> _Task to carry out_:
The material below has pictures in it. Set down only the lines from the line containing "Oběd: Kuřecí špíz" through the line containing "Međutim, s obzirom", word for word, and leave the pictures behind.

> _Records_:
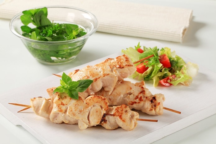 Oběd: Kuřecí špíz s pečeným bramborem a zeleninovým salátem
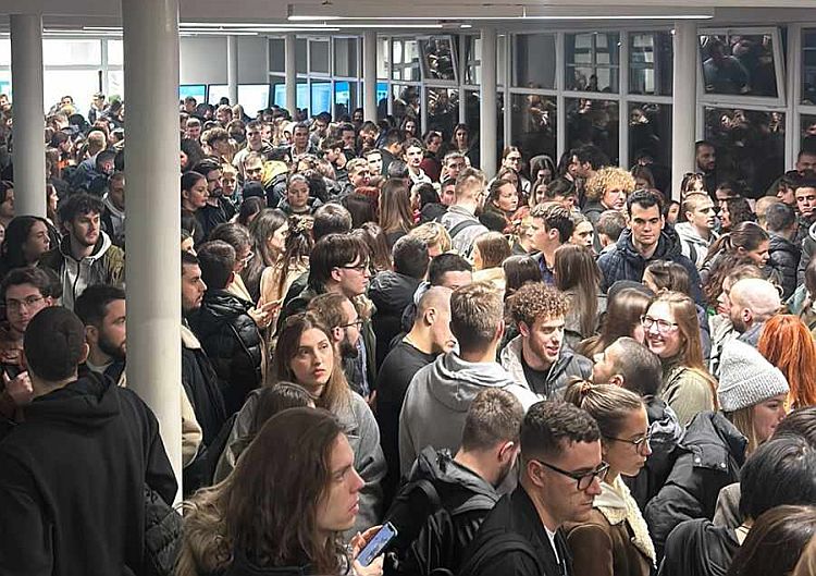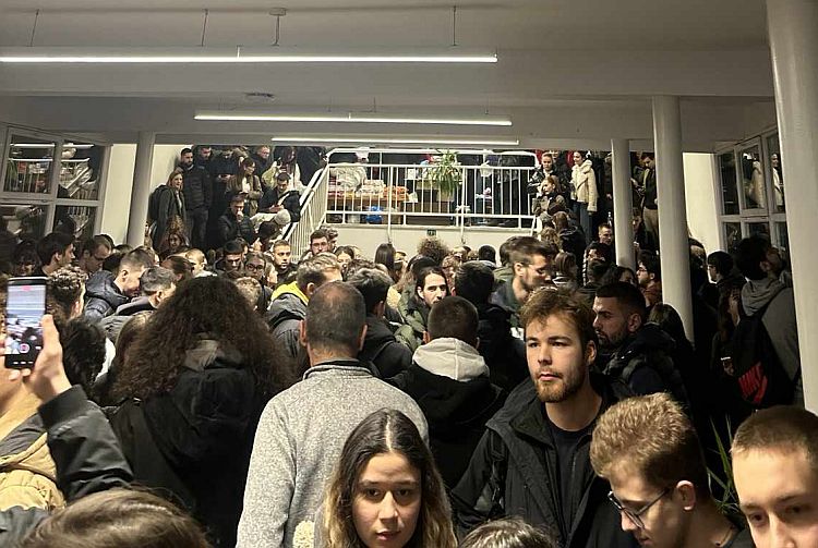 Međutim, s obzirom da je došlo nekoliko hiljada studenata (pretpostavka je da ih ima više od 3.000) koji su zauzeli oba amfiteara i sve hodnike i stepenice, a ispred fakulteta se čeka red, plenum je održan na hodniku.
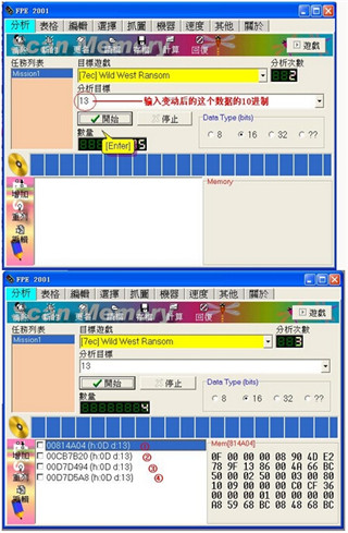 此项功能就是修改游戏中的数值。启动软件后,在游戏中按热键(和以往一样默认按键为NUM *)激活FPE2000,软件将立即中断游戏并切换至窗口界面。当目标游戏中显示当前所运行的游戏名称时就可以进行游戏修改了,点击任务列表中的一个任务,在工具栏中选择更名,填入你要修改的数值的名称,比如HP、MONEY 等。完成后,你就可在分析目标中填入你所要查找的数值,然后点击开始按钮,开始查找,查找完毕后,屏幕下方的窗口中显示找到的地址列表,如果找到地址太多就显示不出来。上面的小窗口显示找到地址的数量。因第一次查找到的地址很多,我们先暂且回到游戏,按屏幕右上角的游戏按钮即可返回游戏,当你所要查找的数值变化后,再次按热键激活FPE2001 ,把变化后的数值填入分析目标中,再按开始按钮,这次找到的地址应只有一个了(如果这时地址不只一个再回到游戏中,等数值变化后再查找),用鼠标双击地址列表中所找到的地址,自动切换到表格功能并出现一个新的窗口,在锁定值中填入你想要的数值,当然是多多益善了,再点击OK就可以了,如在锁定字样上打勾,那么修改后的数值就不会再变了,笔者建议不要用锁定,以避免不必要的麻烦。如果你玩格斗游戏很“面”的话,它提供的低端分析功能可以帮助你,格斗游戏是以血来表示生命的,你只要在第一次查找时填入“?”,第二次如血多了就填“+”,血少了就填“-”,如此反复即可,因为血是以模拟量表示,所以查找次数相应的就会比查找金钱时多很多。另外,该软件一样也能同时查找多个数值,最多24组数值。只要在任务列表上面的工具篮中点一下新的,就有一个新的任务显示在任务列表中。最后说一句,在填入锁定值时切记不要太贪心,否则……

==

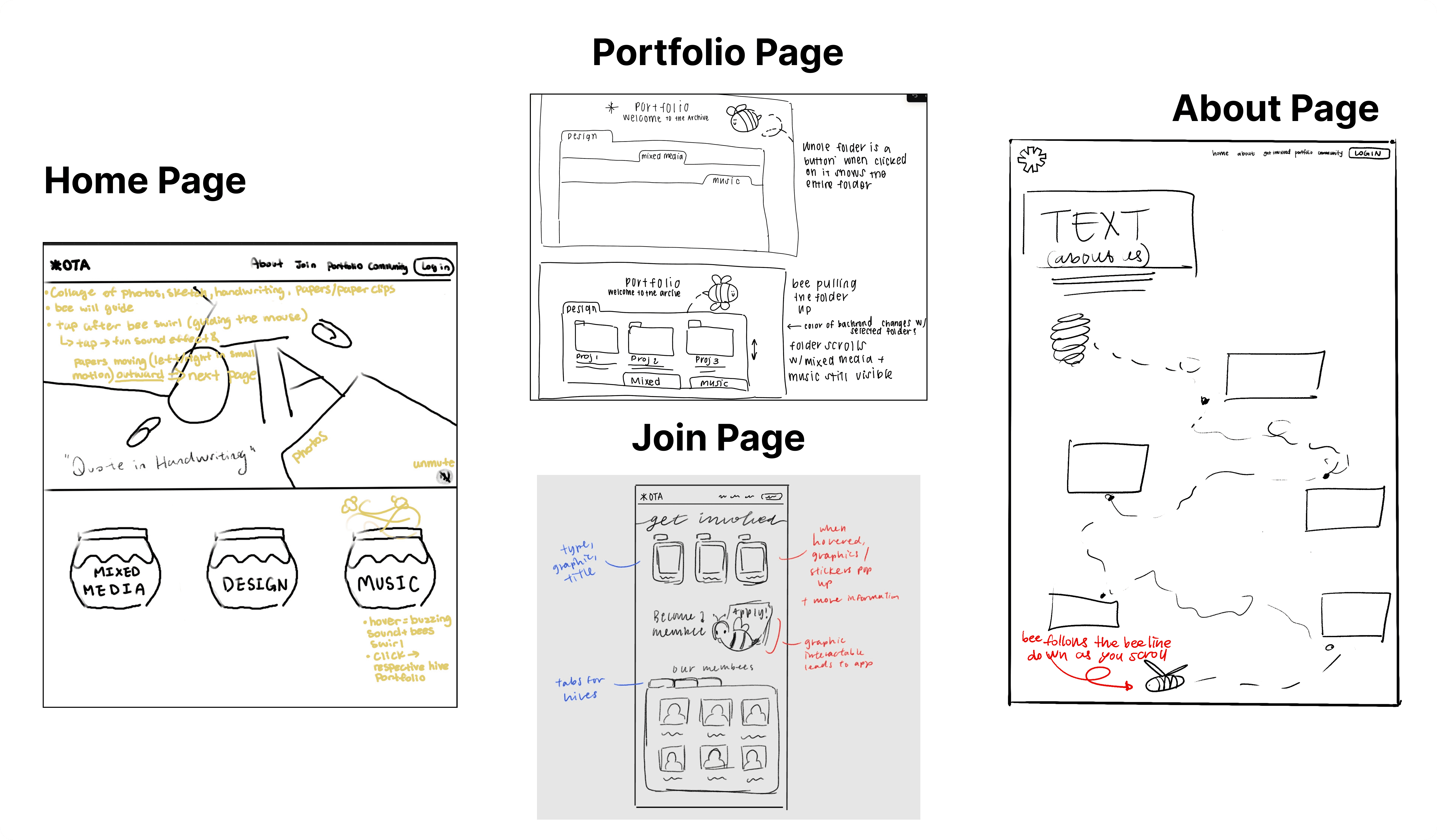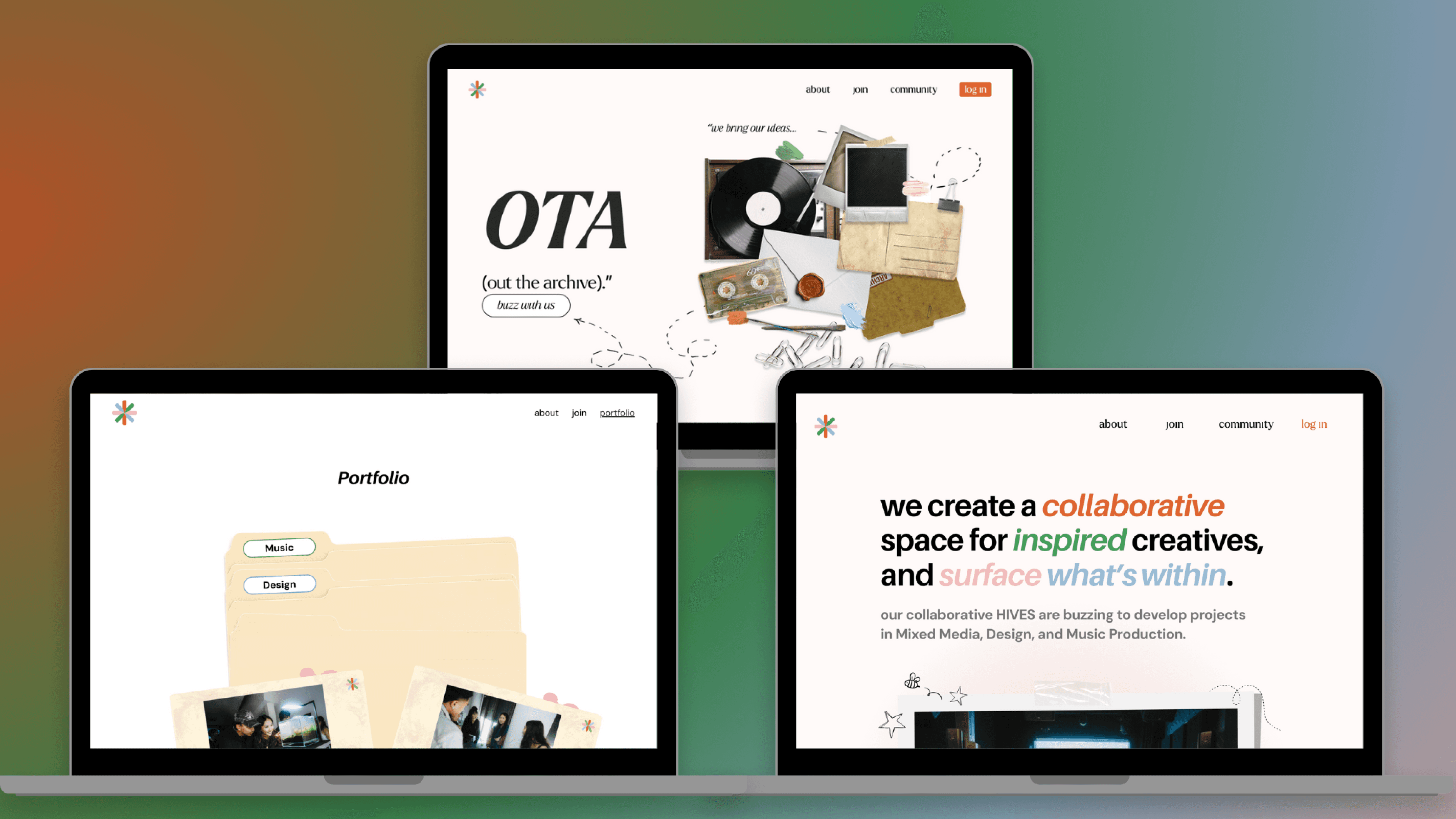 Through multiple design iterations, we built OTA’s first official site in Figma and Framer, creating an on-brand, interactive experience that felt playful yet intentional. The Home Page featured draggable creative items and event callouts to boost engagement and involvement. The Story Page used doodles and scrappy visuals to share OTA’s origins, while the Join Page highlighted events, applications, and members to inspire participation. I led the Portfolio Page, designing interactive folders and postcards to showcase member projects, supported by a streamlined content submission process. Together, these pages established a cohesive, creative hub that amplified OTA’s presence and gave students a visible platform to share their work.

> _Solution_:
 Oběd: Kuřecí špíz s pečeným bramborem a zeleninovým salátem
 Međutim, s obzirom da je došlo nekoliko hiljada studenata (pretpostavka je da ih ima više od 3.000) koji su zauzeli oba amfiteara i sve hodnike i stepenice, a ispred fakulteta se čeka red, plenum je održan na hodniku.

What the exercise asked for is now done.